The reported cardiotoxic signs (tachycardia, hypo- or hypertension, ECG findings; ST segment elevation in leads II, III, aVF, V5 and V6) in the moderate to severe cases which represented 75.77% of all manifested cases are in agreement with Dudin et al., 24 who reported that from 54 children of Jerusalem area who were studied prospectively following scorpion envenoming, severe symptoms (convulsions, brain oedema, shock, respiratory distress and myocarditis) were encountered in 19 cases. Respiratory distress was the main feature in 17 of the children; in two cases owing to pulmonary oedema and in a third one because of adult respiratory distress syndrome and myocarditis. 24
Regarding the sensitivity and specificity of CPK-MB and NT-proBNP, the reported data revealed that those of NT-proBNP were significantly higher than those of CPK-MB for the diagnosis of myocardial injury in the initial 6 h after the onset of sting. This is supported by the findings of Sagarad et al., 25 who concluded that the NT-proBNP levels were significantly elevated in myocarditis which occurred after a scorpion sting envenomation.
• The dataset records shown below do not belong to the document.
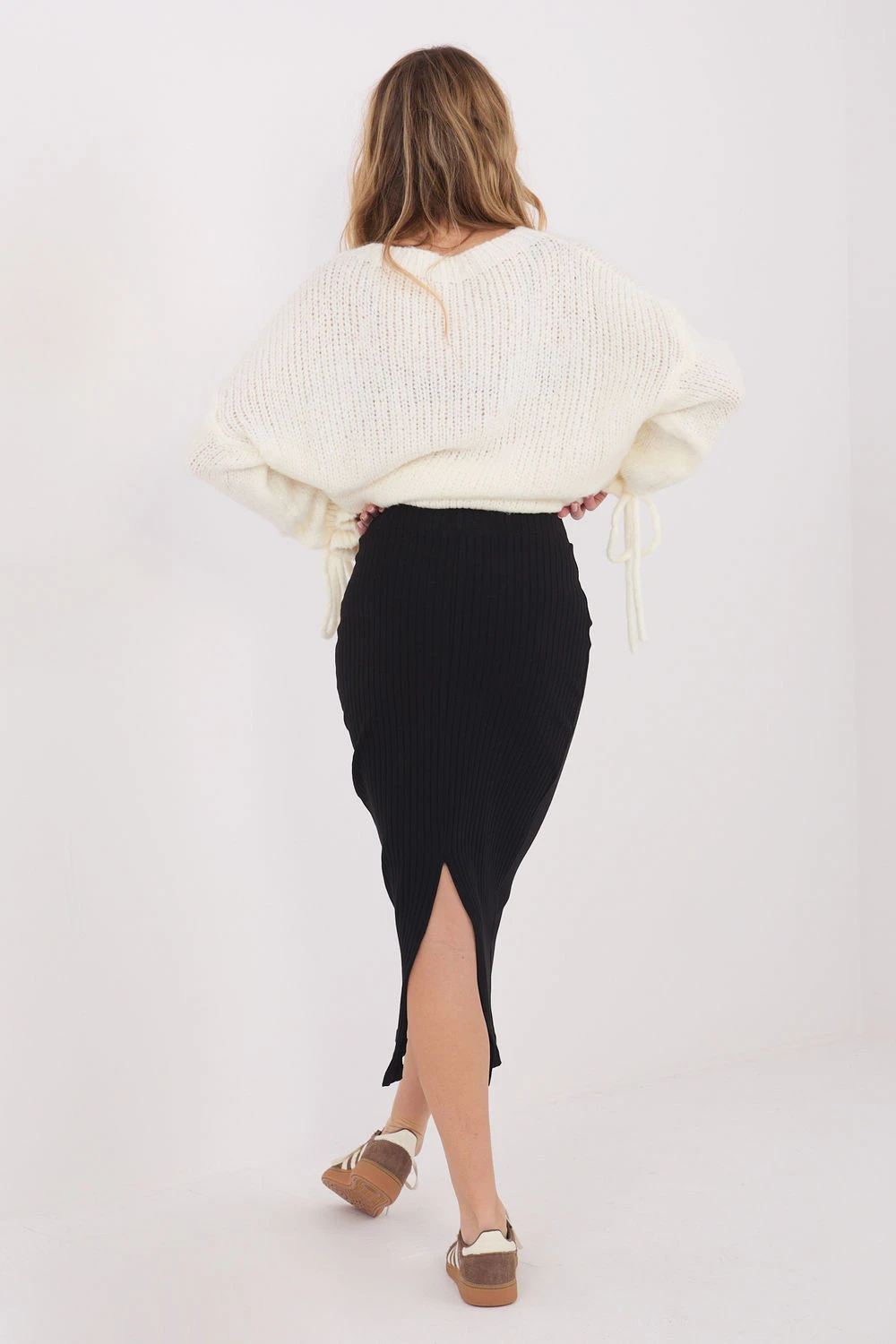 Sukně z pleteniny midi délky, vyrobená z měkkého pruhovaného materiálu, který zaručuje vysoký komfort nošení. Model v casual stylu se skvěle hodí jak do každodenních outfitů, tak i jako součást pracovního oblečení. Hladký vzor jí dodává univerzální charakter a usnadňuje kombinování s různými střihy blůz nebo svetrů. Na zádech dole má praktický rozpark, který zvýrazňuje postavu a zajišťuje volnost pohybu. Sukně je vyrobena z bavlny s přídavkem elastanu, díky čemuž je elastická, příjemná na dotek a dobře se přizpůsobuje postavě. Absence zapínání zdůrazňuje jednoduchý, pohodlný střih modelu.
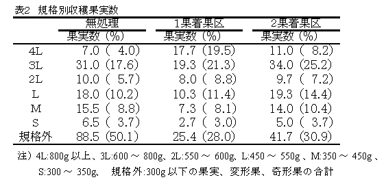 規格別収穫果実数は、2果着果区で商品価値の高いL〜3Lが多くなり、無処理では規格外果実が多くなった。また、1果着果区では3L〜4Lが多くなった(表2)。
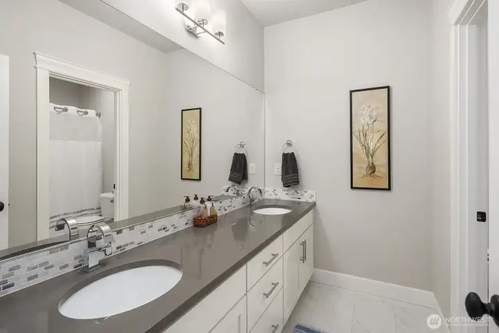 Immaculate, light, bright, 3,609 sqft 2-Story Village Life resale on level 8,276 sqft (.19 acre) lot. Improvements include: Family room built in cabinets, Laundry room cabinets and sink, Built in Buffet in daily dining area, Upgraded carpeting throughout, Primary bathroom custom walk-in closet, Garage flooring and shelving. Main floor features: Open floor plan. Hardwood floors in entry and dining room. Vaulted ceilings in family room with gas fireplace. Large Chef Kitchen with Island center, quartz counters. Nook with sliding glass door to covered patio. Bedroom. 3/4 bath. 2nd floor features: 4 beds, 2.75 baths, utility room. Owner's suite complete with vaulted ceilings, sitting area, walk in closet & luxurious en-suite bath with soaking tub, separate shower, double vanity. Fully fenced. AC. Covered Entry. 3-Car Garage. Northshore School District. Conveniently located within close proximity to 405, I-5, parks, Bothell, Canyon Park, Kirkland, Bellevue.

Further recent support came from Gökay et al., 26 who reported early elevation of NT-proBNP values in the scorpion sting related myocarditis.
The superiority of NT-proBNP over CPK-MB could be explained by the fact that in myocardial injury, CPK–MB increases in serum within 3 h to 6 h; the peak levels occur between 16–30 h and return to normal by 24 h to 36 h; a time-consuming process. 27 On the contrary, it was proved that NT-proBNP was affected early in the course of myocardial injury. 28 Unfortunately, CPK–MB is the routine and available investigation that is carried out to assess myocardial injury in Minia University Hospital.
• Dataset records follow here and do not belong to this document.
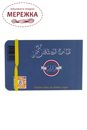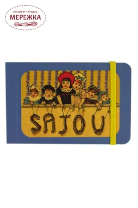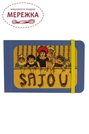 Цей чарівний міні-блокнот застібається на яскраво-жовту гумку. Обкладинка має один з наших улюблених мотивів: діти Сажу в театрі на синьому фоні.
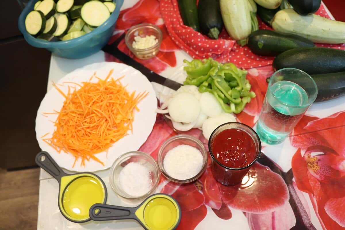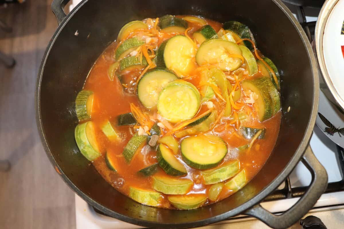 3. Викласти кабачки в глибоку каструлю. Надіслати туди ж моркву, нашатковану соломкою.
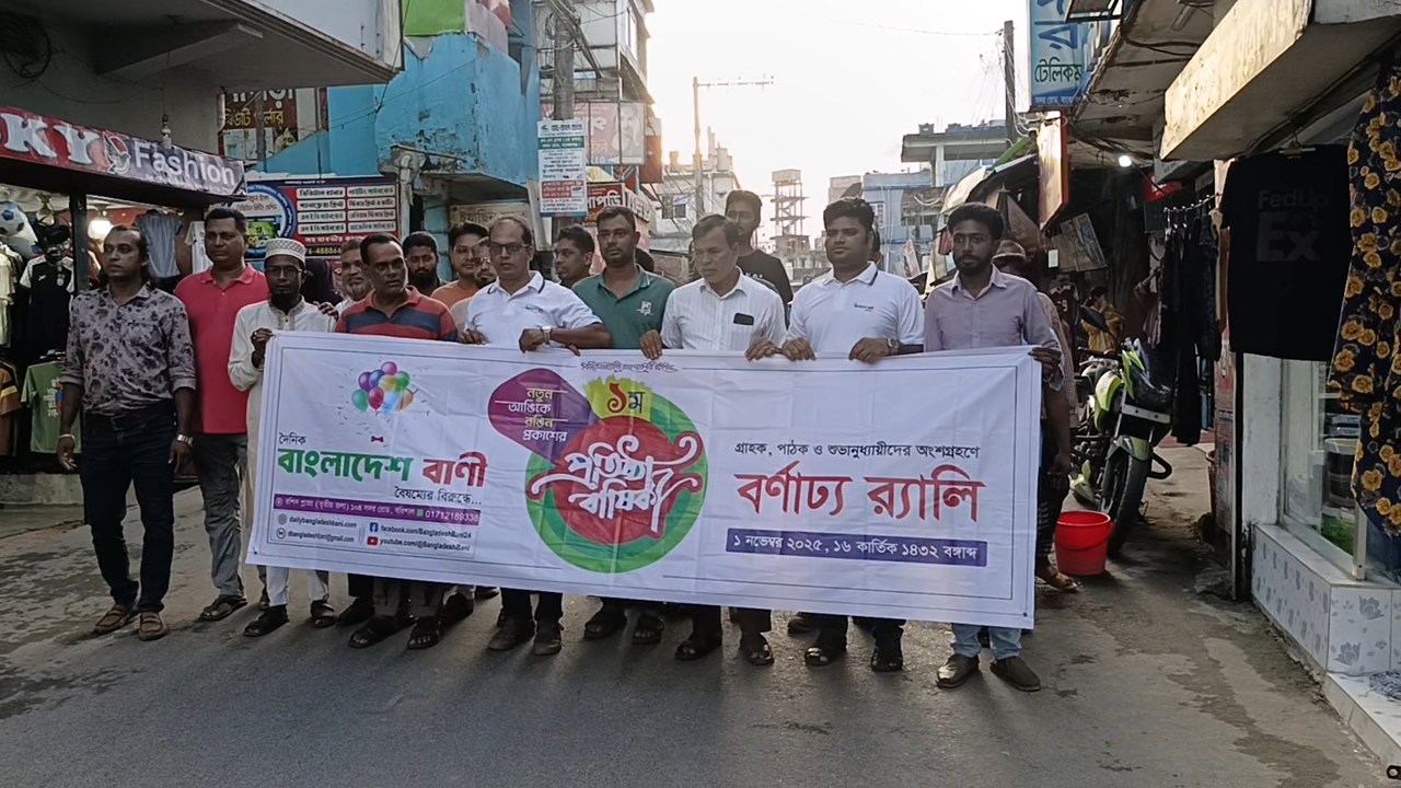 বরিশাল সংবাদ দাতা : বরিশালের জনপ্রিয় আঞ্চলিক দৈনিক বাংলাদেশ বানী পত্রিকার প্রতিষ্ঠা বার্ষিকী উপলক্ষে বাকেরগঞ্জে এক বর্নাঢ্য র্যালী ও আলোচনা সভা অনুষ্ঠিত হয়েছে ১ নভেম্বর শনিবার বিকেল পাঁচ টায় বাকেরগঞ্জ প্রেসক্লাবের আয়োজনে উপজেলার সাংবাদিকদের উপস্থিতিতে পৌরসভার সদর রোডে এক র্যালী অনুষ্ঠিত হয়। র্যালী শেষে বাকেরগঞ্জ প্রেসক্লাব সভাকক্ষে আলোচনা সভার আয়োজন করা হয়।

On the other hand, the results of the current study revealed that there was no significant correlation between the age of the patients and the values of CPK-MB and NT-proBNP. This could be explained by the small size of the sample. In addition, the reported negative correlation between the biochemical changes and the length of hospital stay, i.e.; the more increased the biochemical changes, the shorter the length of hospital stay, could be explained by the earlier discovery of the diagnosis of the heart injury and the earlier aggressive medical intervention.
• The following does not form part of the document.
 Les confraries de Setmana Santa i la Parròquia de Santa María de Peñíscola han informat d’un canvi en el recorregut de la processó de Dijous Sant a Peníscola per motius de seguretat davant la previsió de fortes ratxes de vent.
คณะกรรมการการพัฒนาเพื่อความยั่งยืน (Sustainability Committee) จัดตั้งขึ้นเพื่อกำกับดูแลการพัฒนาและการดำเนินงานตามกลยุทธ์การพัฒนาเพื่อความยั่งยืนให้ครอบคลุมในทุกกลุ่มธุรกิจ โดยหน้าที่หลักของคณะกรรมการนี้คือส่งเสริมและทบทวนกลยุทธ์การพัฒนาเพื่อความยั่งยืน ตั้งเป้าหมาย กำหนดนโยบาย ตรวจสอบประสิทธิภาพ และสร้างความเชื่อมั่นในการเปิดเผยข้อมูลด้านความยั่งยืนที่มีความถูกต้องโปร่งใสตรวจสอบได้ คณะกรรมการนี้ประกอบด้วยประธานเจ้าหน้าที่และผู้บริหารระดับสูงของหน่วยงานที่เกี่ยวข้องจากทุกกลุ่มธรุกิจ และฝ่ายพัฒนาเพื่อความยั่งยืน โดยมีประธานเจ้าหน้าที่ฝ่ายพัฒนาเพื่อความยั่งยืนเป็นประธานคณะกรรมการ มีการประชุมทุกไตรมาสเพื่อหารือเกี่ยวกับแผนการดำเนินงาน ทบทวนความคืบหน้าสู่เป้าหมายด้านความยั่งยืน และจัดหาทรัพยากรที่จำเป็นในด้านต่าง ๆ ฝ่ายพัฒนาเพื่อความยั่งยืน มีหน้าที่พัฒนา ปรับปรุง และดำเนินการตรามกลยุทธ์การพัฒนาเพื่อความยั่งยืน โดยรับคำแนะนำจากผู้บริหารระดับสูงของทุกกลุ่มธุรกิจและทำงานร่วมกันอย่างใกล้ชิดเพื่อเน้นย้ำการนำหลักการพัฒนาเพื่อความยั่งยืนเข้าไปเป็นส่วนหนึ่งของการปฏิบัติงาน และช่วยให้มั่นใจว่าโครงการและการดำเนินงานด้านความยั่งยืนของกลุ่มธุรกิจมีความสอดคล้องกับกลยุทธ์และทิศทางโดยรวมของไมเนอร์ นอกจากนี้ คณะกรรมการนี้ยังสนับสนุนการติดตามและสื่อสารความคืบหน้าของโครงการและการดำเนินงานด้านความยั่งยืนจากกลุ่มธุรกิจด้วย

The exact mechanism(s) of the reported decrease of NT-proBNP levels 24 h post envenoming when compared with those on admission is unclear and is not the concern of this study. However, many factors could be claimed to be the cause of such as the improvement of LV strain, hemodynamic stability, improvement of the inflammatory syndrome, dysrhythmias control, and the drugs used as regular medical intervention cannot be excluded. In our opinion, it is a multifactorial issue that necessitates conducting other researches aiming at exploring the exact mechanism(s) of such improvement.
Conclusion
Basing on the results of the present study, it could be concluded that NT-proBNP may be a valuable and sensitive laboratory biomarker to predict cardiotoxicity of scorpion sting in the early hours. The earlier discovery of the diagnosis of the heart injury and the earlier aggressive medical intervention from the start may improve the prognosis and could decrease the length of the period of hospital stay. Larger multicenter studies are still needed to verify this possible conclusion.
Footnotes
Declaration of conflicting interests
The author(s) declared no potential conflicts of interest with respect to the research, authorship, and/or publication of this article.
Funding
The author(s) received no financial support for the research, authorship, and/or publication of this article.